## Required work
Return the listing exactly, please; no pictures.

## Given information

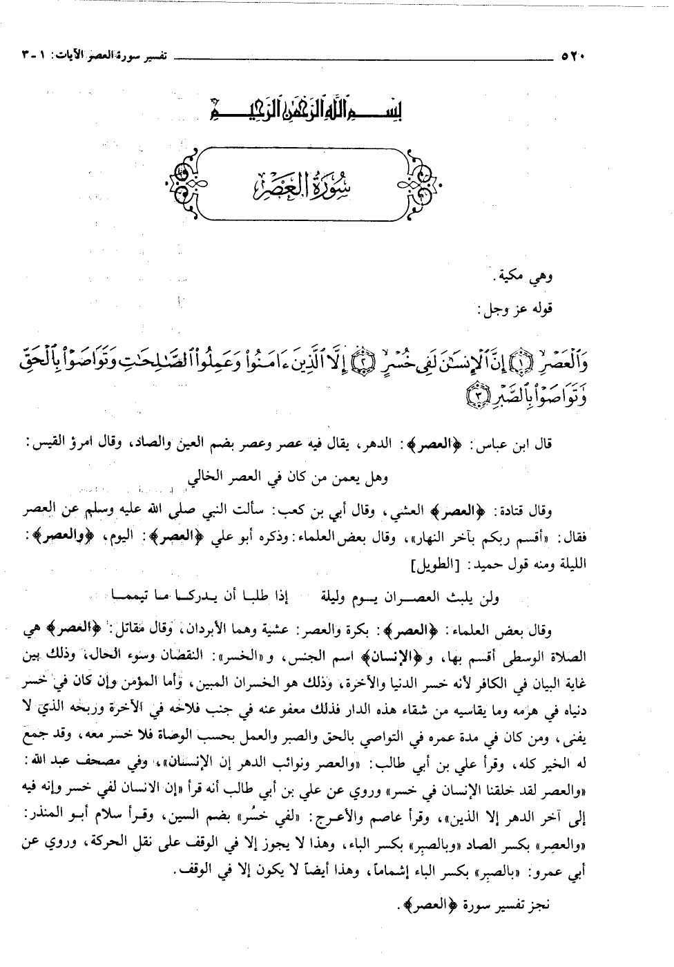 [سورة العصر (١٠٣) : الآيات ١ الى ٣]
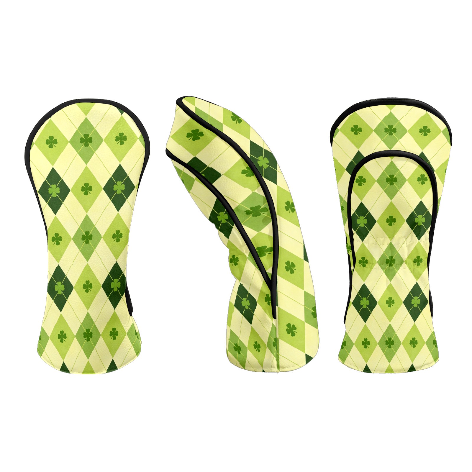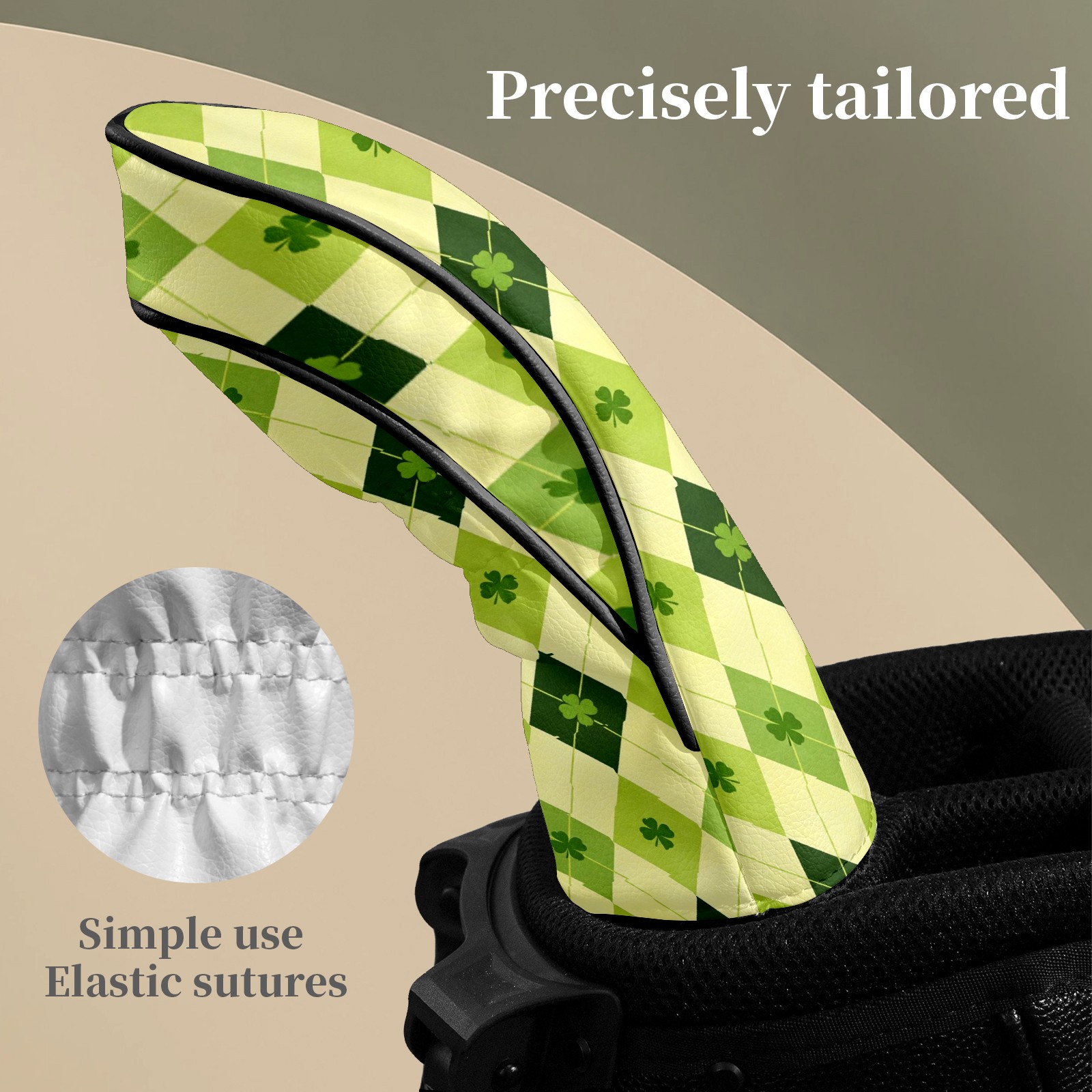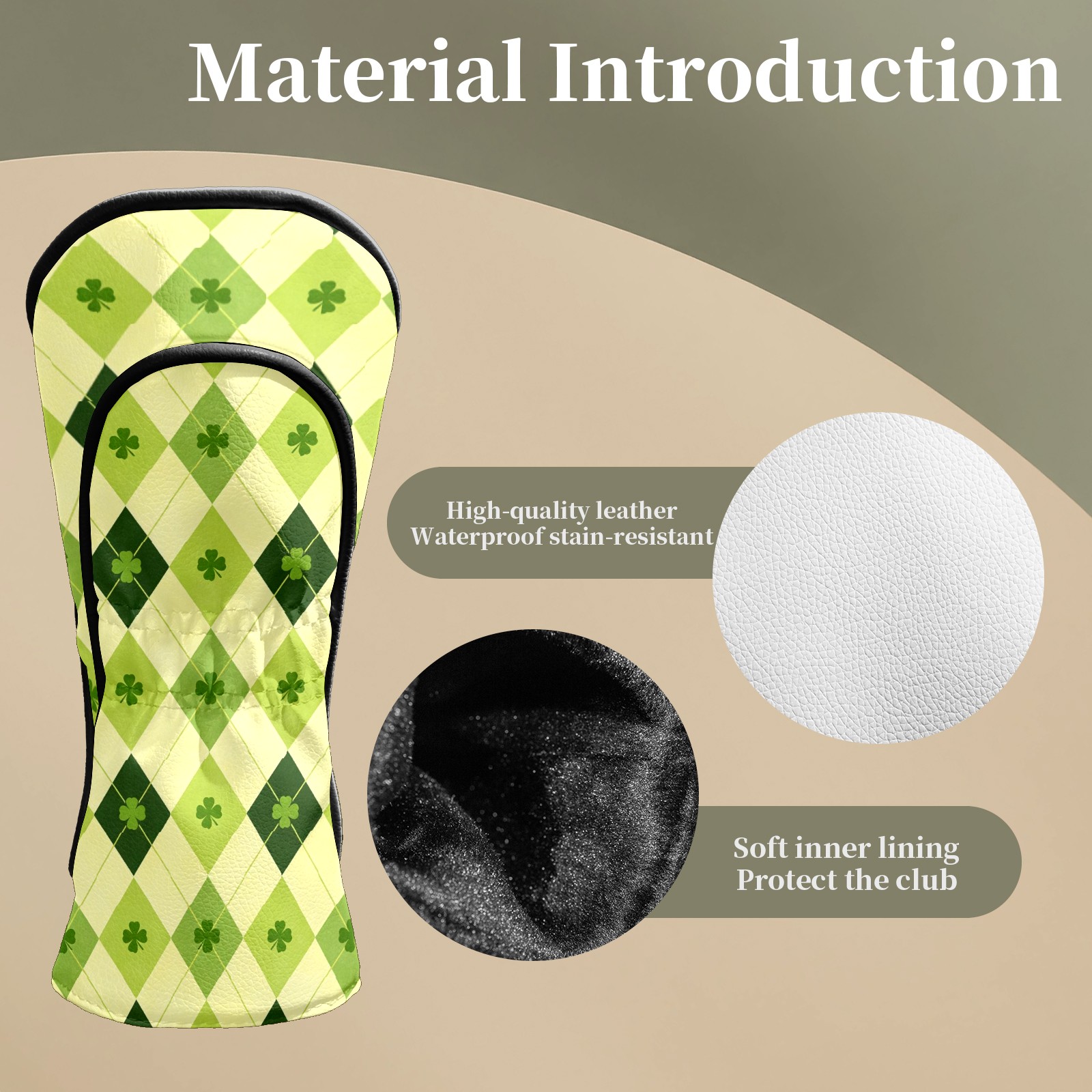 Golf Club Head Covers – Diamond Clover Yellow with Soft Plush Lining, Waterproof PU Leather for Driver & Fairway Woods | Durable, No-Slip Elastic Fit | Fun Gift for Men Who Golf
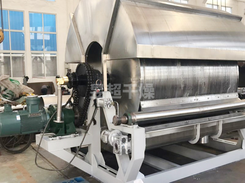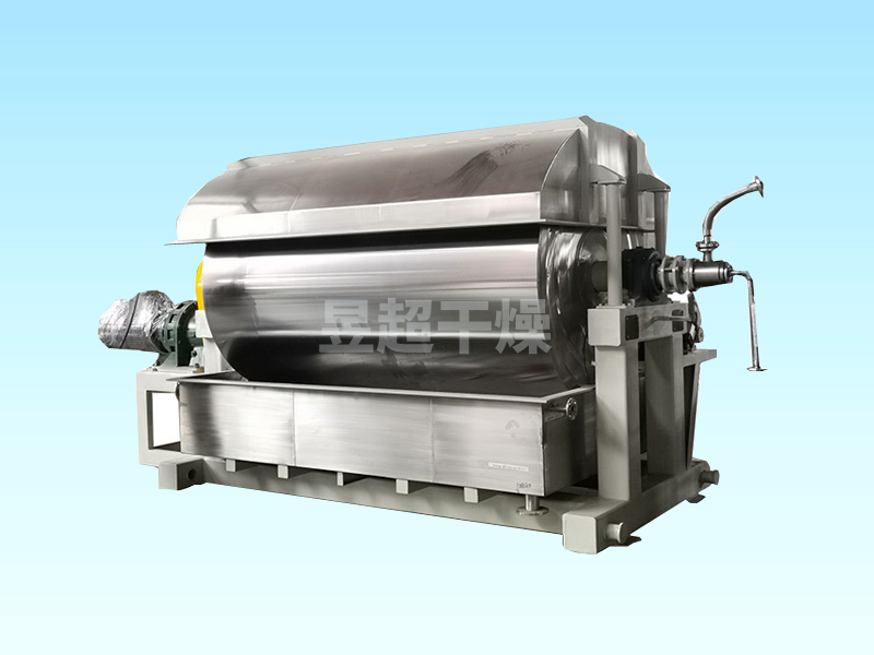 液体或泥浆状物料在水蒸汽或其它热载体加热的滚筒表面形成薄膜,并在滚筒转一圈的过程中便被干燥完毕,利用刮刀把产品刮下来,露出滚筒表面再次与原料接触形成薄膜进行干燥。
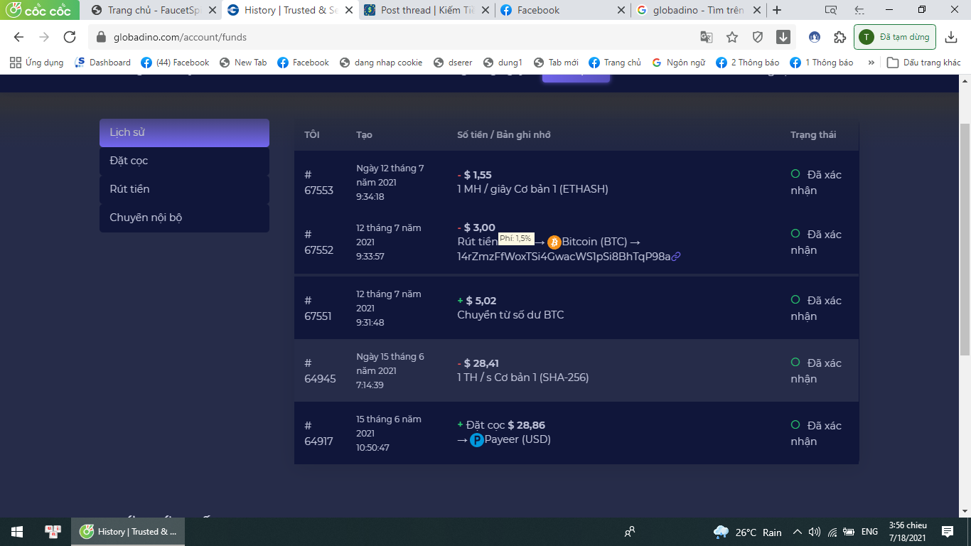 - Min chuyển tiền lên ví rút là 5 đô, min rút từ ví cá nhân về binance,VNDC,ETH,Faucetpay...là 1 đô

## Your response
 [سورة العصر (١٠٣) : الآيات ١ الى ٣]
 Golf Club Head Covers – Diamond Clover Yellow with Soft Plush Lining, Waterproof PU Leather for Driver & Fairway Woods | Durable, No-Slip Elastic Fit | Fun Gift for Men Who Golf
 液体或泥浆状物料在水蒸汽或其它热载体加热的滚筒表面形成薄膜,并在滚筒转一圈的过程中便被干燥完毕,利用刮刀把产品刮下来,露出滚筒表面再次与原料接触形成薄膜进行干燥。
 - Min chuyển tiền lên ví rút là 5 đô, min rút từ ví cá nhân về binance,VNDC,ETH,Faucetpay...là 1 đô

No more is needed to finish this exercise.